Collected data entries
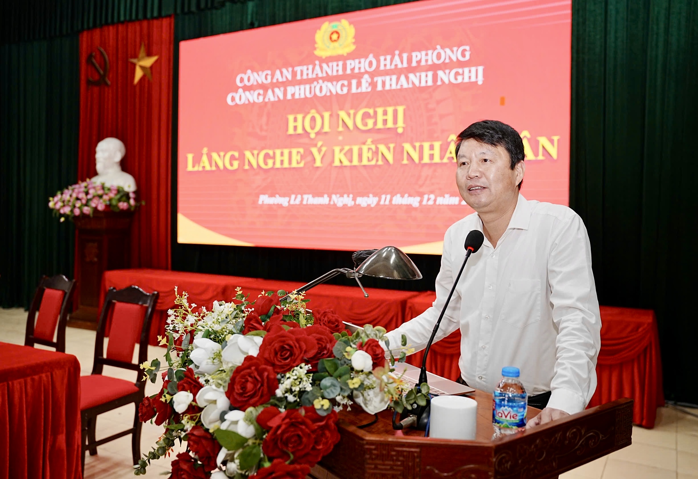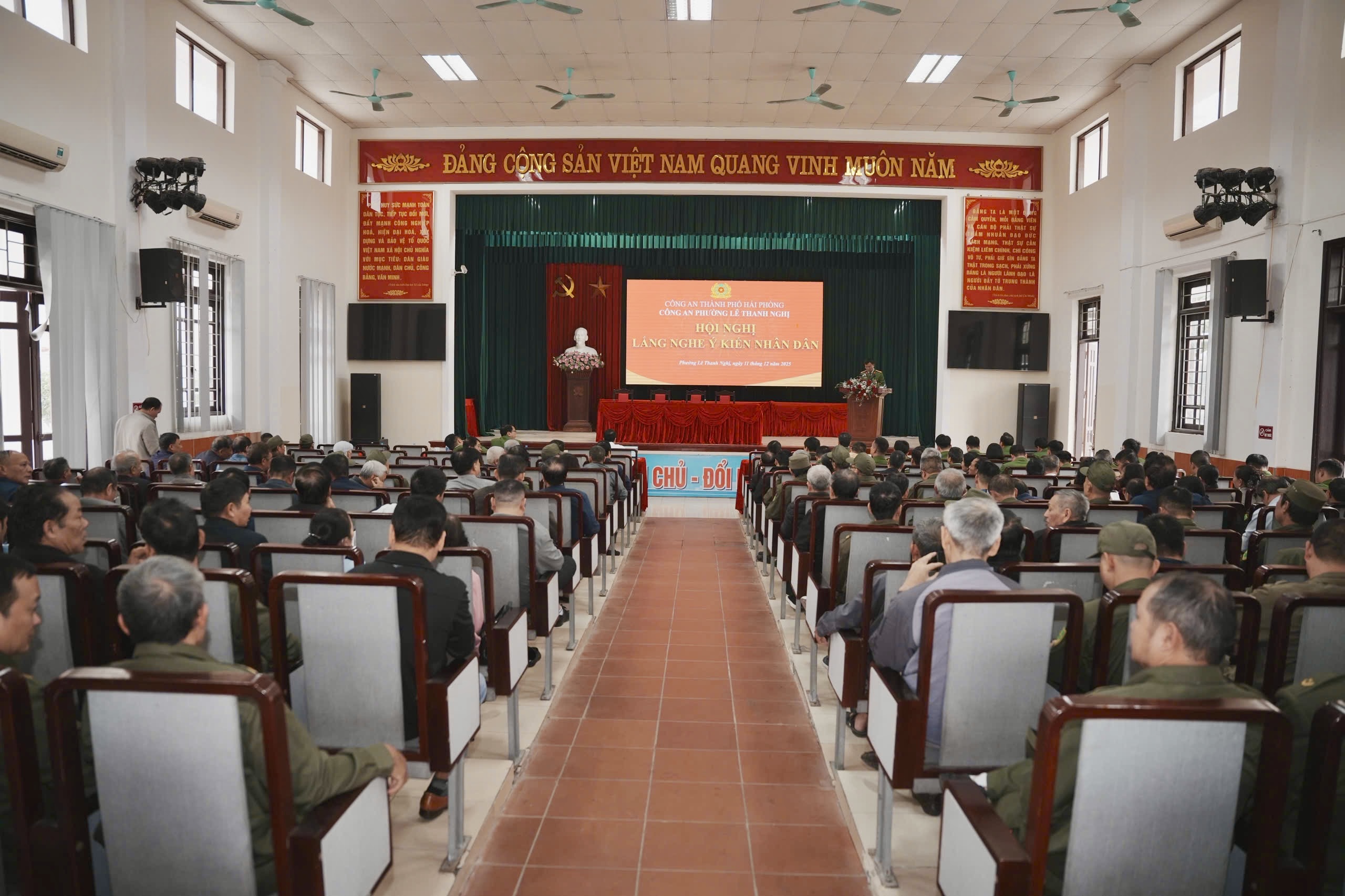 Thực hiện Kế hoạch số 6352/KH-CAHP-PV01 của Công an thành phố Hải Phòng, chiều 11/12/2025, Công an phường Lê Thanh Nghị tổ chức diễn đàn “Lực lượng Công an lắng nghe ý kiến nhân dân tại địa bàn cơ sở” tại Trụ sở Đảng ủy – HĐND – UBND phường.
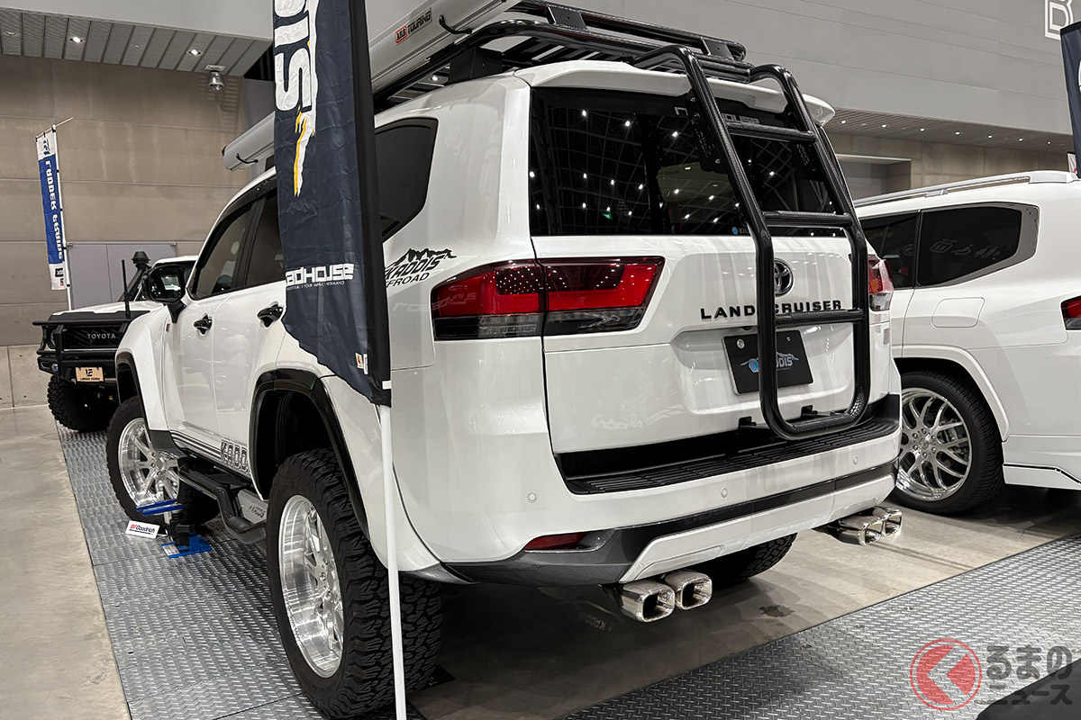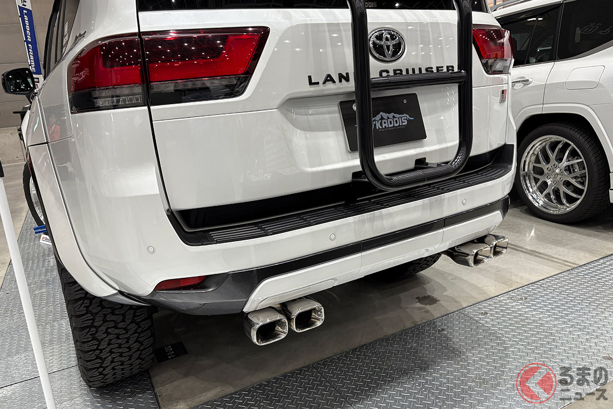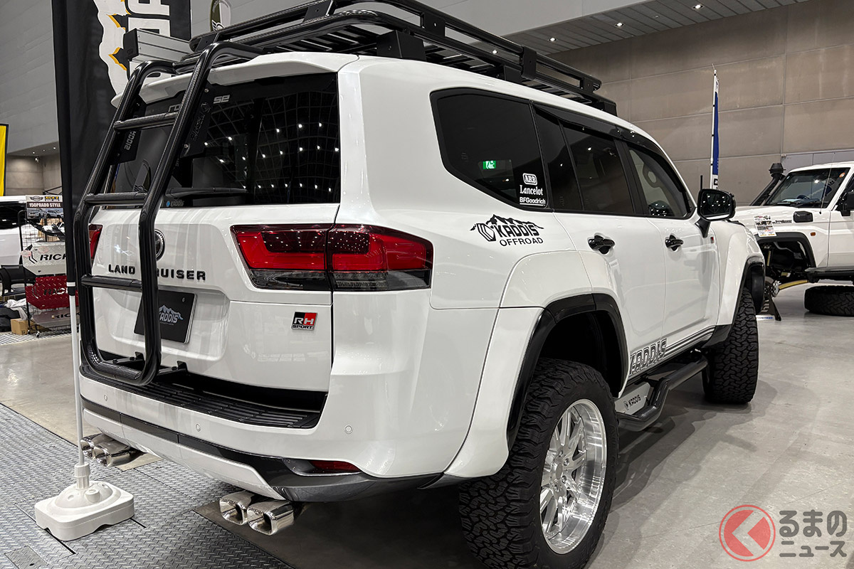 斬新なトヨタ「ランドクルーザー300」実車展示! ダイナミックな100mmリフトアップ&ワイドボディがスゴい! 4本出しマフラー装着したKADDIS仕様の「本格SUV」とは!
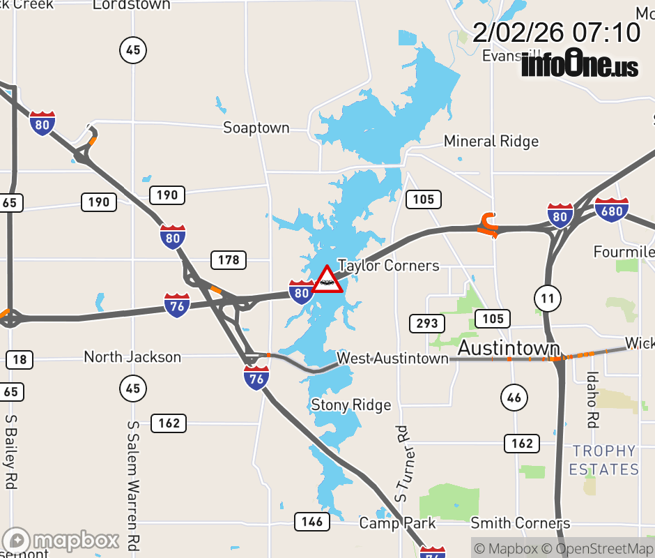Expect lane closures on I-80 West beyond SR-11 South/Canfield, due to a crash. ![]() |
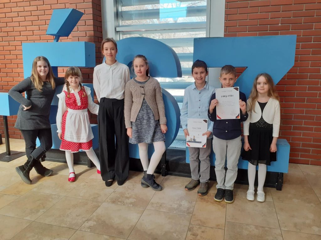 2025. március 6-án iskolánk 7 tanulója (Gáncs Attila 1. a, Kiricsi Lotti 2. a, Krizsán Hanga 2. b, Vajda Dávid 3. a, Csatári Lívia 4. a, Györe -Szabó Jázmin 5. a, Berkes Borbála 5. b) vett részt a Német Nemzetiségi Vers- és Prózamondó Verseny Vas és Zala vármegyei fordulóján Szombathelyen. Mindenki szépen felkészült, aminek az eredménye, hogy 3 tanuló (Krizsán Hanga, Vajda Dávid, Csatári Lívia) továbbjutott a regionális döntőbe. Gratulálunk!
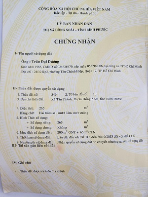Đ/c: Xã Tân Thành, Đồng Xoài, Bình Phước
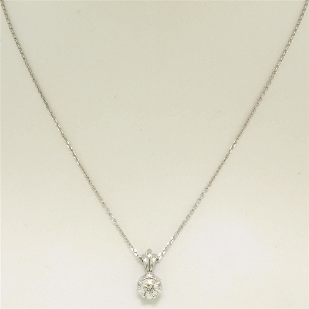 One NEW 14k White Gold .45ct F VS2 Round Brilliant Diamond Solitaire Pendant & Chain. Item Details: Material: 14K Solid White Gold, Weight: 2.60 Grams, Stone(s): (1) Natural Genuine Diamond - Round Brilliant Cut - Illusion Prong Set - VS2 Clarity - F Color, Total Carat Weight: 0.45 (approx.), Chain Type: Cable Link, Chain Length: 16 Inches, Clasp: Lobster Claw, Width: 6.7mm Height: 13.5mm (including the bail) Thickness: 5.85mm Condition: New w/o Tag
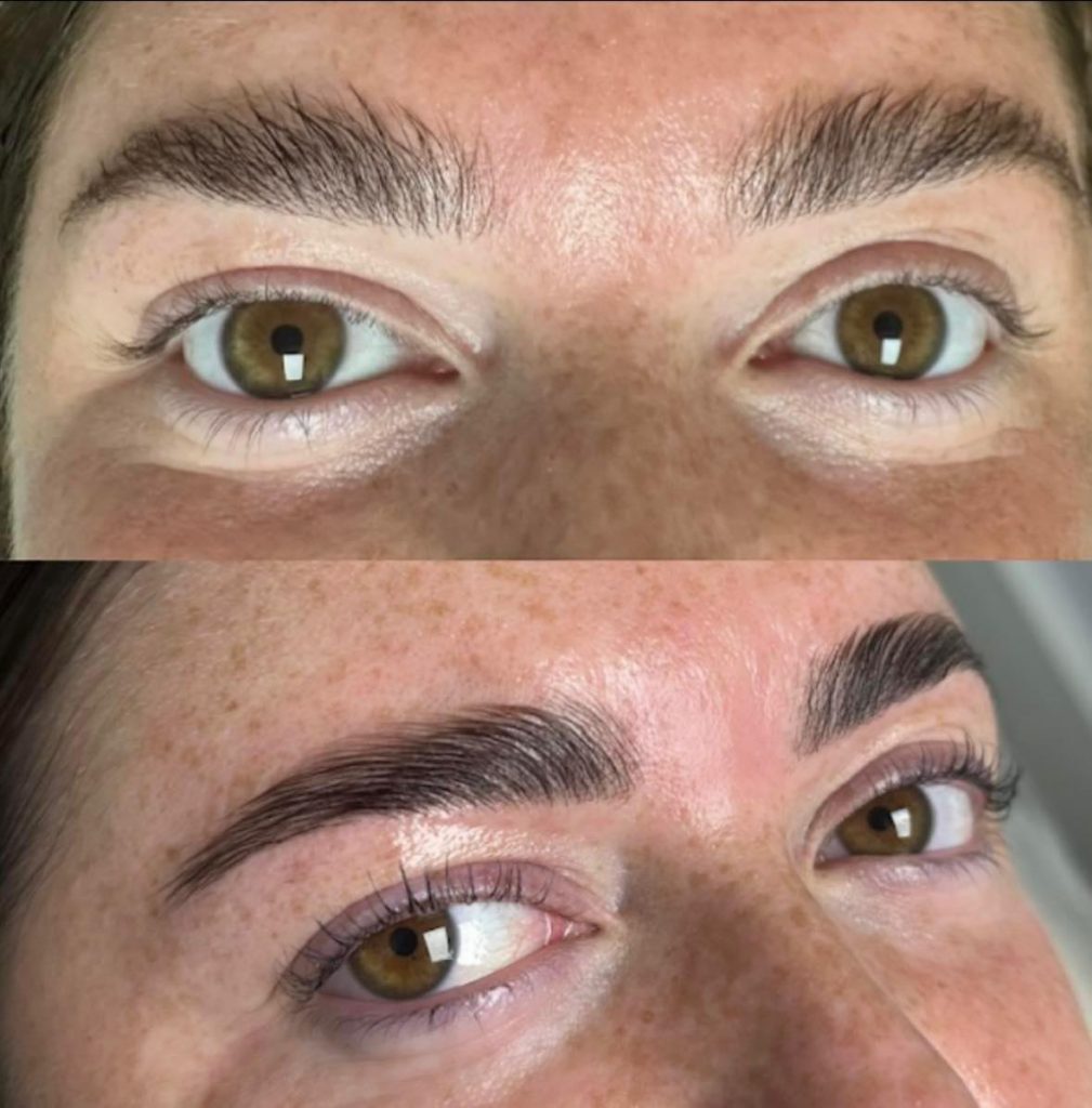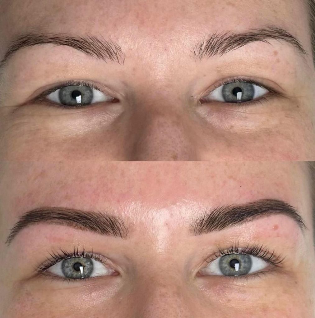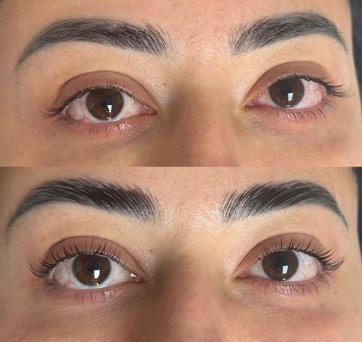 Brow lamination and lash lifts usually last 6–8 weeks, while tinting or hybrid dye lasts around 3–4 weeks, depending on your skin type and aftercare.
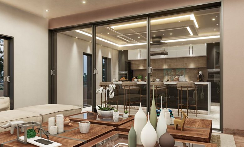 Il cuore dell’appartamento progettato è un grande open space, un unico ambiente dalle funzioni e dalle aree ben raccolte e definite, grazie alla posizione strategica dei mobili e all’utilizzo di un doppio infisso scorrevole in vetro e di divisori a listelli verticali. Questo importante elemento architettonico interno dà continuità all’ambiente e allo stesso tempo permette di godere della luce naturale ogni giorno. Il pavimento in legno scuro dona una sensazione di comfort e allo stesso tempo un tocco di eleganza. Un set di divani rivestiti in diverse tonalità di beige è stato posizionato di fronte alla finestra, dove si trova anche un tavolino dal design minimalista.
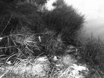 胜利桥南约50米处一管道不断有污水排出。 本报记者 徐良 摄
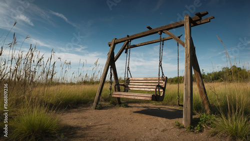 a swing is sitting in the middle of a field
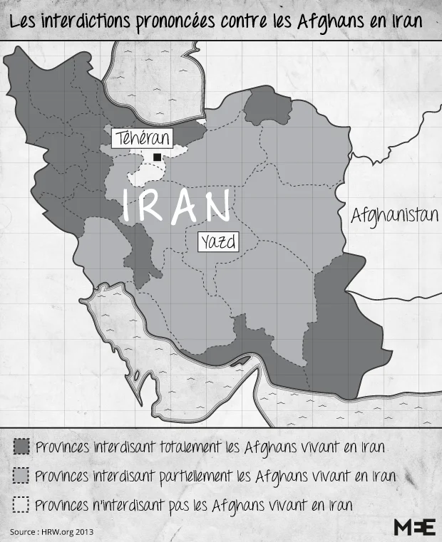 Selon un rapport publié en 2013 par Human Rights Watch, l’Iran a limité au cours des dernières années les voies légales permettant aux Afghans de revendiquer le statut de réfugiés ou un autre statut d’immigration dans le pays, alors même que les conditions en Afghanistan se détérioraient.

▶ EXERCISE
Give the records back exactly, with no pictures.

▶ OUTPUT OF THE EXERCISE
 Thực hiện Kế hoạch số 6352/KH-CAHP-PV01 của Công an thành phố Hải Phòng, chiều 11/12/2025, Công an phường Lê Thanh Nghị tổ chức diễn đàn “Lực lượng Công an lắng nghe ý kiến nhân dân tại địa bàn cơ sở” tại Trụ sở Đảng ủy – HĐND – UBND phường.
 斬新なトヨタ「ランドクルーザー300」実車展示! ダイナミックな100mmリフトアップ&ワイドボディがスゴい! 4本出しマフラー装着したKADDIS仕様の「本格SUV」とは!
Expect lane closures on I-80 West beyond SR-11 South/Canfield, due to a crash. ![]() |
 2025. március 6-án iskolánk 7 tanulója (Gáncs Attila 1. a, Kiricsi Lotti 2. a, Krizsán Hanga 2. b, Vajda Dávid 3. a, Csatári Lívia 4. a, Györe -Szabó Jázmin 5. a, Berkes Borbála 5. b) vett részt a Német Nemzetiségi Vers- és Prózamondó Verseny Vas és Zala vármegyei fordulóján Szombathelyen. Mindenki szépen felkészült, aminek az eredménye, hogy 3 tanuló (Krizsán Hanga, Vajda Dávid, Csatári Lívia) továbbjutott a regionális döntőbe. Gratulálunk!
Đ/c: Xã Tân Thành, Đồng Xoài, Bình Phước
 One NEW 14k White Gold .45ct F VS2 Round Brilliant Diamond Solitaire Pendant & Chain. Item Details: Material: 14K Solid White Gold, Weight: 2.60 Grams, Stone(s): (1) Natural Genuine Diamond - Round Brilliant Cut - Illusion Prong Set - VS2 Clarity - F Color, Total Carat Weight: 0.45 (approx.), Chain Type: Cable Link, Chain Length: 16 Inches, Clasp: Lobster Claw, Width: 6.7mm Height: 13.5mm (including the bail) Thickness: 5.85mm Condition: New w/o Tag
 Brow lamination and lash lifts usually last 6–8 weeks, while tinting or hybrid dye lasts around 3–4 weeks, depending on your skin type and aftercare.
 Il cuore dell’appartamento progettato è un grande open space, un unico ambiente dalle funzioni e dalle aree ben raccolte e definite, grazie alla posizione strategica dei mobili e all’utilizzo di un doppio infisso scorrevole in vetro e di divisori a listelli verticali. Questo importante elemento architettonico interno dà continuità all’ambiente e allo stesso tempo permette di godere della luce naturale ogni giorno. Il pavimento in legno scuro dona una sensazione di comfort e allo stesso tempo un tocco di eleganza. Un set di divani rivestiti in diverse tonalità di beige è stato posizionato di fronte alla finestra, dove si trova anche un tavolino dal design minimalista.
 胜利桥南约50米处一管道不断有污水排出。 本报记者 徐良 摄
 a swing is sitting in the middle of a field
 Selon un rapport publié en 2013 par Human Rights Watch, l’Iran a limité au cours des dernières années les voies légales permettant aux Afghans de revendiquer le statut de réfugiés ou un autre statut d’immigration dans le pays, alors même que les conditions en Afghanistan se détérioraient.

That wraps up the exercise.